TRY IT: Copy out exactly the lines from the one with "Ausgestattet mit dem" through the last line of the listing below, both included, but none of the pictures.

INFORMATION SUPPLIED:
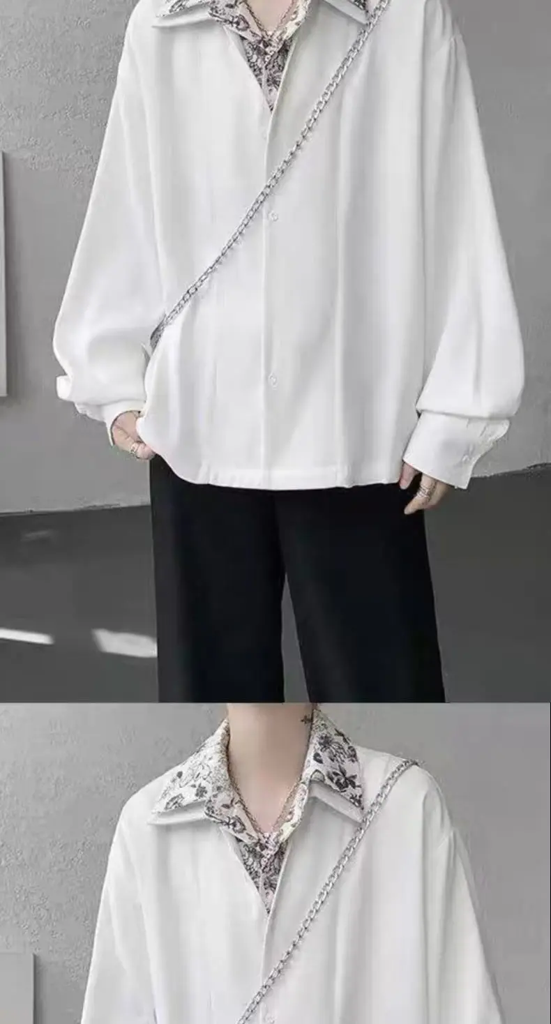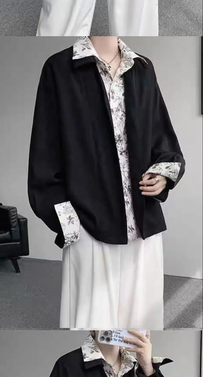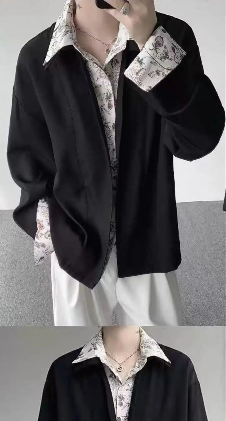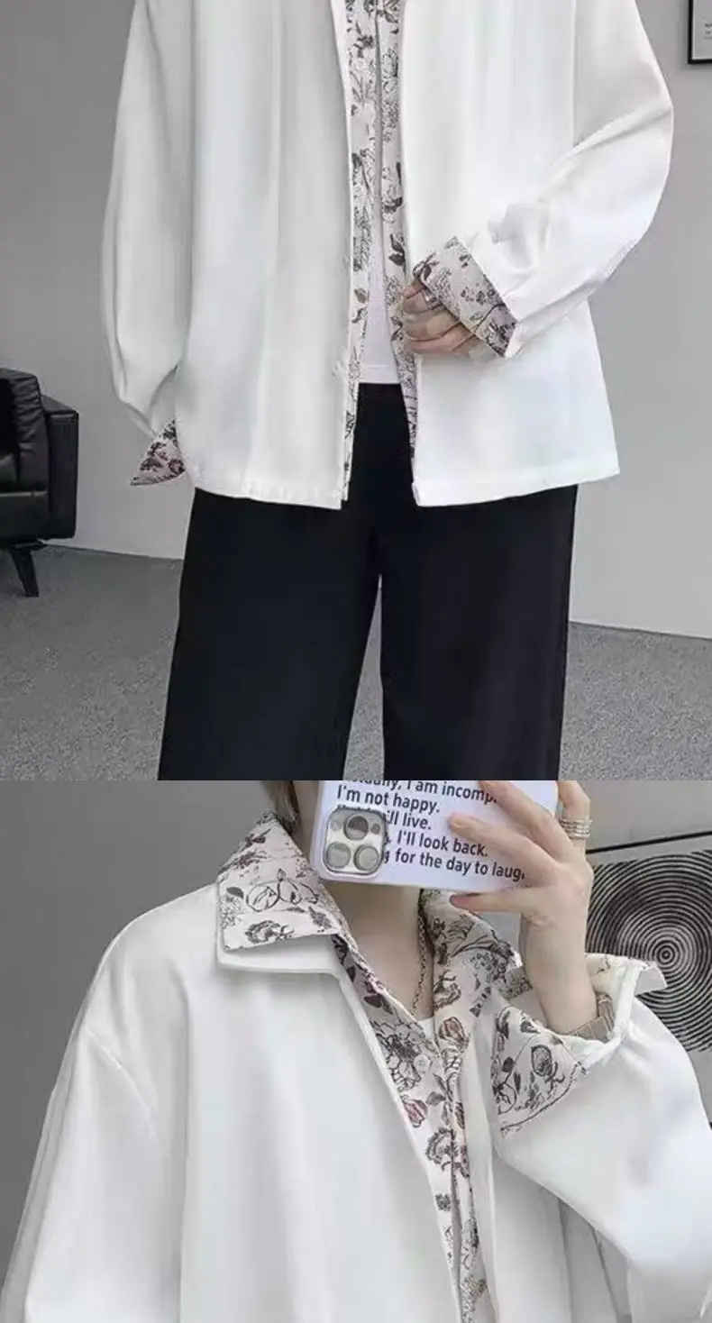 Riolio Men's Oversized Shirt with Floral Print Contrast Collar
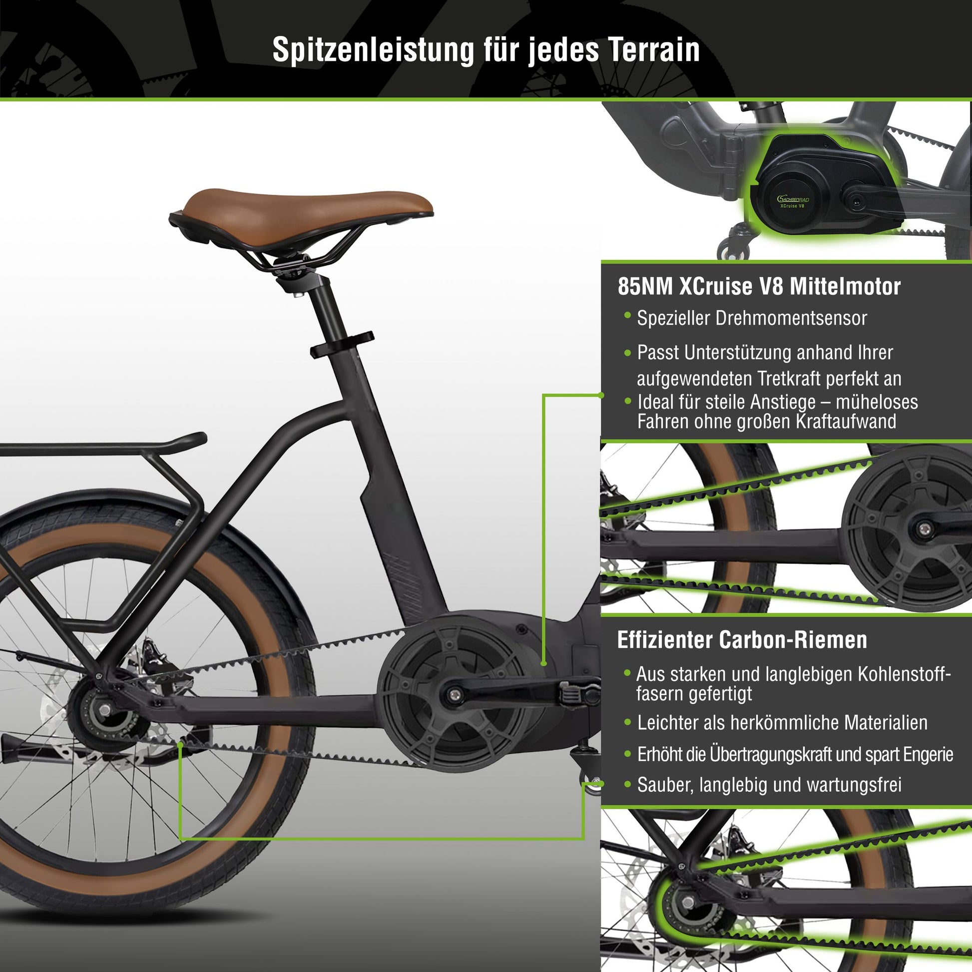 Ausgestattet mit dem leistungsstarken XCruise V8 Mittelmotor, der mit 85 Nm Drehmoment für kraftvolle Unterstützung sorgt, passt sich das F3G Centro dank eines speziell entwickelten Drehmomentsensors optimal an die aufgewendete Tretkraft an. Dies garantiert eine komfortable, effiziente Motorunterstützung, egal mit wie viel Power Sie in die Pedale treten.
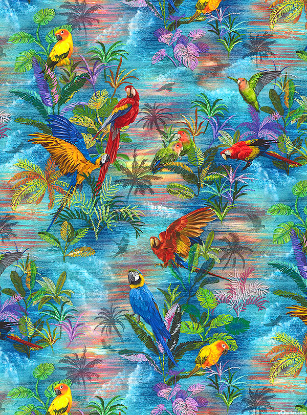 Parrots show off their brilliant colors as they take flight through the rain forest. Larger parrots are about 4", from the 'Parrot Isle' collection by Oasis Fabrics.

WRITTEN RESPONSE:
 Ausgestattet mit dem leistungsstarken XCruise V8 Mittelmotor, der mit 85 Nm Drehmoment für kraftvolle Unterstützung sorgt, passt sich das F3G Centro dank eines speziell entwickelten Drehmomentsensors optimal an die aufgewendete Tretkraft an. Dies garantiert eine komfortable, effiziente Motorunterstützung, egal mit wie viel Power Sie in die Pedale treten.
 Parrots show off their brilliant colors as they take flight through the rain forest. Larger parrots are about 4", from the 'Parrot Isle' collection by Oasis Fabrics.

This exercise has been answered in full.